Solid, Yose style fisticuffs. Get ready for a donnybrook if yer fists aren't solid...have seen several whippers at the slight bulge.

By Joe Dawson
Jul 7, 2009
rating: 5.10b 6a+ 19 VII- E2 5b

Gear Beta: If you want to stitch the top of the climb up, save a 1, 2, 3, 3.5, and 4 Camalot. I would go heavy on the big gear, 3s and 4s because there are some spots on the lower and middle parts of the route that protect best with a 3 and a 4. You could get away with other stuff, but it does not sound (tap) as good. Decent route. The top is the good part.

By tallmark515
From: San Francisco
Sep 28, 2010

Solid .10b, crux at the top feels a bit harder than Fisticuffs. Face holds appear as soon as the crack gets super hard.

By Colonel Mustard
From: Reno, NV
Jul 30, 2011

This climb would be a good warmup for Blockbuster to the right.

By Weston L
From: Summerlin, NV
Sep 30, 2012
rating: 5.10b 6a+ 19 VII- E2 5b

Every bit as good as Space Truckin' as far as I am concerned.
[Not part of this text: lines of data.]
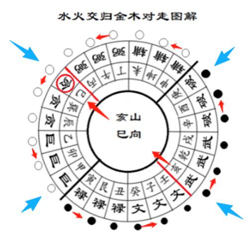 注:此诀乃四局放水之秘也,法在元空十字天心:“水火交归、金木对走”;如图,亥山巳向,乃亥巳交庚甲;(中针壬丙交庚甲;天盘巳亥交寅申;实为山盘庚甲与水盘亥巳山水之交也)天心十字立极,元运零正可识,阴阳两片可辨。
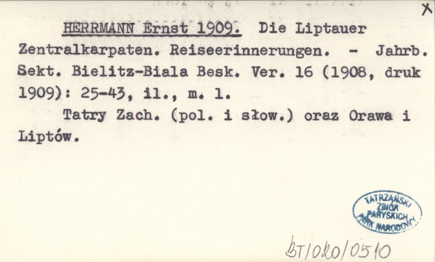 Jahresbericht der Sektion Bielitz-Biala des Beskiden-Vereines, 16 (1908, druk 1909): 25-43, il., 1 m. Tatry Zachodnie (polskie i słowackie) oraz Orawa i Liptów.
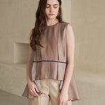 Блузка неравномерного цвета a topeСвободный силуэт А-образной формы скрывает контуры телаДизайн с складками по обеим сторонам и черной отделкой на линии талииЗадняя часть немного закрывает бедра, поэтому вы можете носить её с комфортом.
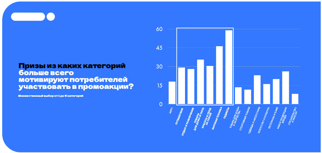 Среди самых популярных призовых категорий — гаджеты, бытовая техника, товары для дома и уюта, ухода за собой, а также путешествия и развлечения. Ключевые категории отражают фокус потребителей на впечатлениях, эмоциях, внимании к себе и к пространству своего дома.
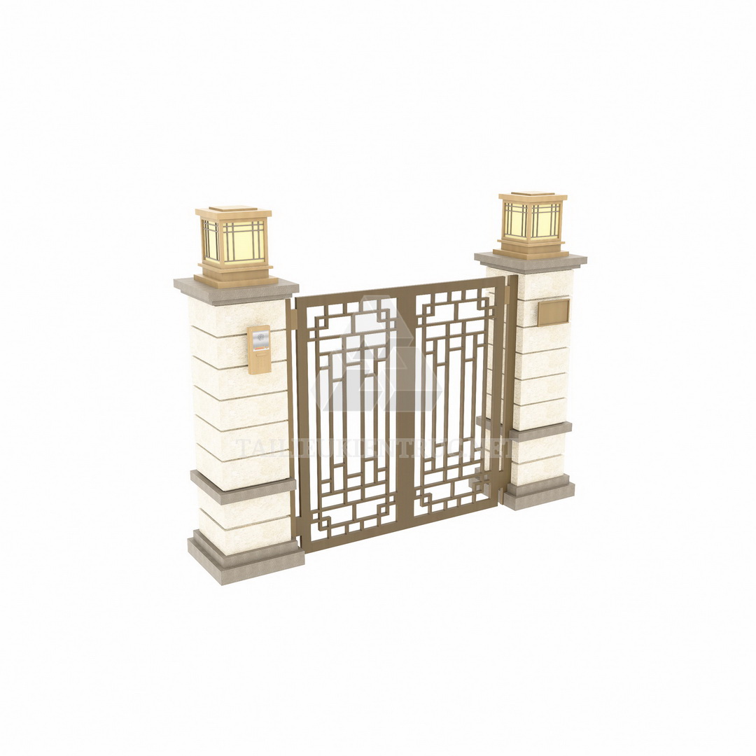 Về kỹ thuật, mẫu cổng này có kích thước cân đối với khối nhà, sử dụng vật liệu sắt chịu lực cao nhằm đảm bảo an toàn và độ bền lâu dài. Điểm nhấn của thiết kế nằm ở các hộp đèn chiếu sáng được đặt trên mỗi trụ cổng, tạo điểm nhấn sang trọng, tăng cường ánh sáng vào ban đêm và an toàn cho người sử dụng.
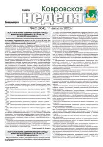 №62 (904), 11 августа 2023 г. ǺDzDZDzǸȌ ǸȜȐȞȜȐȟȘȎȭ Спецвыпуск Газета ПОСТАНОВЛЕНИЕ АДМИНИСТРАЦИИ ГОРОДА КОВРОВА ВЛАДИМИРСКОЙ ОБЛАСТИ №1800 ОТ 04.08.2023 г. О внесении изменений в постановление администрации города Коврова Владимирской области от 05.10.2015 №.2496 «Об оплате труда работников муниципальных учреждений отдыха и общего оздоровления детей и подростков» В соответствии со статьей 144 Трудового кодекса Российской Федерации, в целях реализации постановления Правительства Владимирской области от 23.06.2023 №432 «Об оплате труда работников государственных учреждений отрасли образования Владимирской области», постановления Правительства Владимирской области от 04.07.2023 №463 «О базовых окладах (базовых должностных окладах) профессиональных квалификационных групп общеотраслевых должностей руководителей, специалистов и служащих, базовых ставках заработной платы профессиональных квалификационных групп общеотраслевых профессий рабочих», постановления администрации города Коврова Владимирской области от 10.07.2023 №1545 «О базовых окладах (базовых должностных окладах) профессиональных квалификационных групп общеотраслевых должностей руководителей, специалистов и служащих, базовых ставках заработной платы профессиональных квалификационных групп общеотраслевых профессий рабочих» и на основании статей 31, 32 Устава муниципального образования город Ковров Владимирской области постановляю: 1. Внести в приложение к постановлению администрации города Коврова Владимирской области от 05.10.2015 №2496 «Об оплате труда работников муниципальных учреждений отдыха и общего оздоровления детей и подростков» следующие изменения: 1.1. Пункт 2.2. раздела 2 «Должностной оклад» Положения о системе оплаты труда работников муниципальных учреждений отдыха и общего оздоровления детей и подростков изложить в следующей редакции: «2.2. Размер базового должностного оклада, базовой ставки заработной платы составляет для профессиональной квалификационной группы должностей: 2.2.1. Учебно-вспомогательного персонала первого уровня – 3655 руб. 2.2.2. Учебно-вспомогательного персонала второго уровня – 4245 руб. 2.2.3. Общеотраслевые должности служащих первого уровня – 3677 руб. 2.2.4. Общеотраслевые должности служащих второго уровня – 3850 руб. 2.2.5. Общеотраслевые должности служащих третьего уровня – 4751 руб. 2.2.6. Общеотраслевые профессии рабочих первого уровня – 3392 руб. 2.2.7. Общеотраслевые профессии рабочих второго уровня – 3850 руб.». 2. Признать утратившим силу постановление администрации города Коврова Владимирской области от 14.10.2022 №2405 «О внесении изменений в постановление администрации города Коврова Владимирской области от 05.10.2015 №2496 «Об оплате труда работников муниципальных учреждений отдыха и общего оздоровления детей и подростков». 3. Контроль за исполнением настоящего постановления возложить на заместителя главы администрации по социальным вопросам. 4. Настоящее постановление вступает в силу со дня его официального опубликования и распространяет свое действие на правоотношения, возникшие с 01 июля 2023 года. Глава города Е.В. Фомина ПОСТАНОВЛЕНИЕ АДМИНИСТРАЦИИ ГОРОДА КОВРОВА ВЛАДИМИРСКОЙ ОБЛАСТИ №1805 ОТ 04.08.2023 г. Об установлении особого противопожарного режима на территории муниципального образования город Ковров Владимирской области В связи с прогнозируемым повышением 
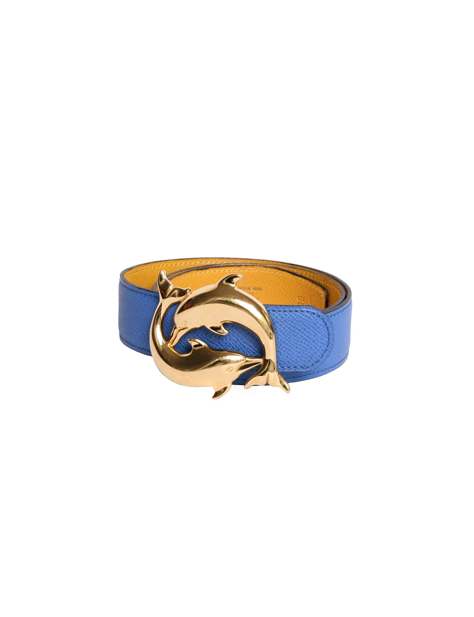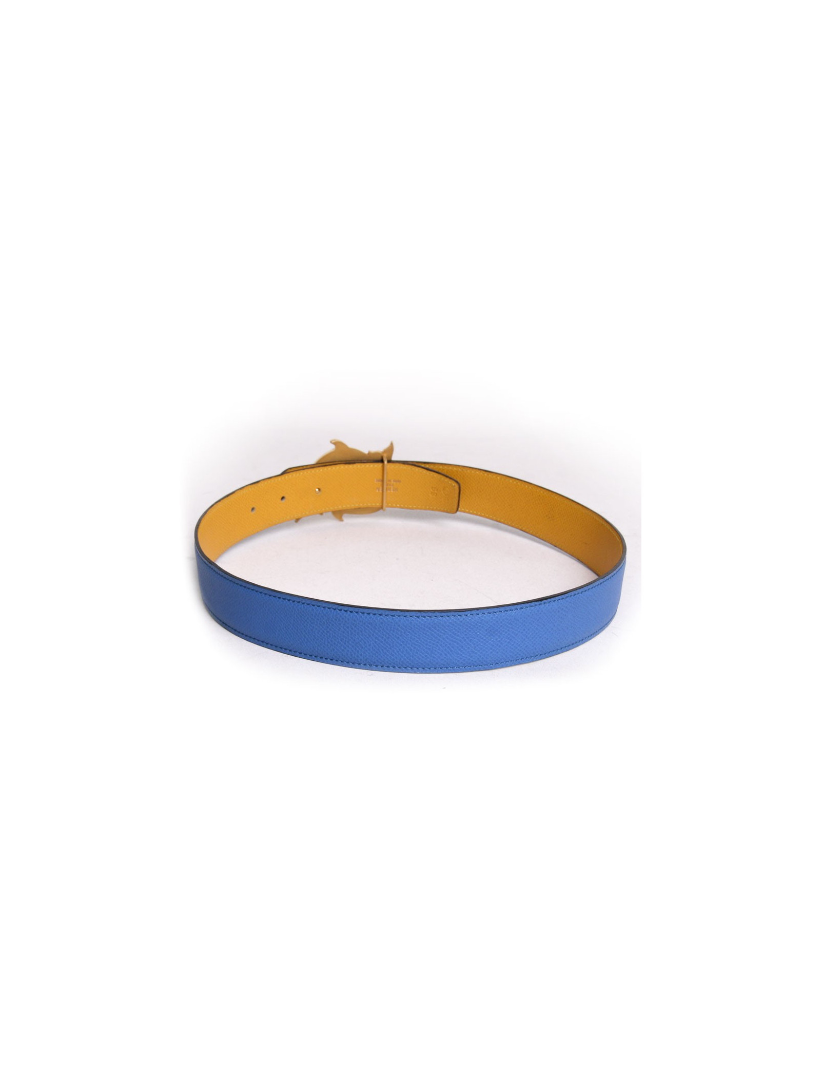 Belt HERMES t 68 "Dolphins" reversible blue and yellow vintage

Climbs much better than it looks in the middle, and the top is every bit as good as it looks. Crux for me was the sequence off of the pillar, green and red camalot size, to gain the hand/fist crack above.

Again, if Space Truckin' is getting railed like a sexy grandma, go visit its ugly sister up the hill that climbs just as well, and is a solid notch up in difficulty.

By jplaut
Sep 16, 2013

Definitely legit offwidth near the top for those with smaller hands. I couldn't get good fists near the end so it definitely felt harder than 10b to me. Very fun, though.